Segment Start: EXERCISE MATERIAL
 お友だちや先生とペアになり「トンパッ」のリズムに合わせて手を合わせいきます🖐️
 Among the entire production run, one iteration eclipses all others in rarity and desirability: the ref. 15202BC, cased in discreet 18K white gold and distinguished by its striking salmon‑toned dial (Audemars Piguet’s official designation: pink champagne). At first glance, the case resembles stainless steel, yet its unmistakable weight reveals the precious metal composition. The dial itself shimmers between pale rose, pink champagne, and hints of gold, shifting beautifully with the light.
Segment End: EXERCISE MATERIAL
Segment Start: EXERCISE MATERIAL
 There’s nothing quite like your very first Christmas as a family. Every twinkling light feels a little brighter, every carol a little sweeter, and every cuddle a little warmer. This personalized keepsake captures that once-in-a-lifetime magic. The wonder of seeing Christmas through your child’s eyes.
Segment End: EXERCISE MATERIAL
Segment Start: EXERCISE MATERIAL
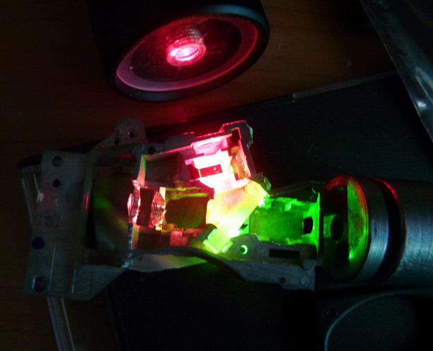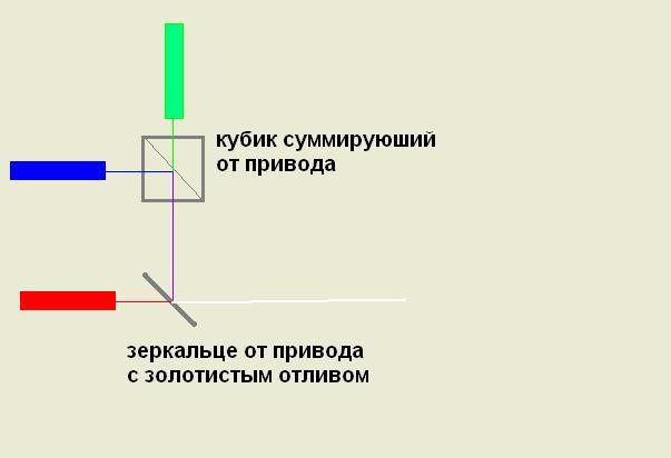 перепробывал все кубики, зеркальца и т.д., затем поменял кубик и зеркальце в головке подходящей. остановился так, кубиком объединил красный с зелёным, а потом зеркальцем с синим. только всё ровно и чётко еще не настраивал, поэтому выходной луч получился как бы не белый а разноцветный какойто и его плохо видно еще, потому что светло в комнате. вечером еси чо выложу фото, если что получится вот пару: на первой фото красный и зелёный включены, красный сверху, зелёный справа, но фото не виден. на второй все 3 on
Segment End: EXERCISE MATERIAL
WORK REQUIRED:
Please copy, exactly as written, every line in the listing above from the line with "お友だちや先生とペアになり「トンパッ」のリズムに合わせて手を合わせいきます🖐️" up to and including the line with "Among the entire".

EXERCISE ANSWER:
 お友だちや先生とペアになり「トンパッ」のリズムに合わせて手を合わせいきます🖐️
 Among the entire production run, one iteration eclipses all others in rarity and desirability: the ref. 15202BC, cased in discreet 18K white gold and distinguished by its striking salmon‑toned dial (Audemars Piguet’s official designation: pink champagne). At first glance, the case resembles stainless steel, yet its unmistakable weight reveals the precious metal composition. The dial itself shimmers between pale rose, pink champagne, and hints of gold, shifting beautifully with the light.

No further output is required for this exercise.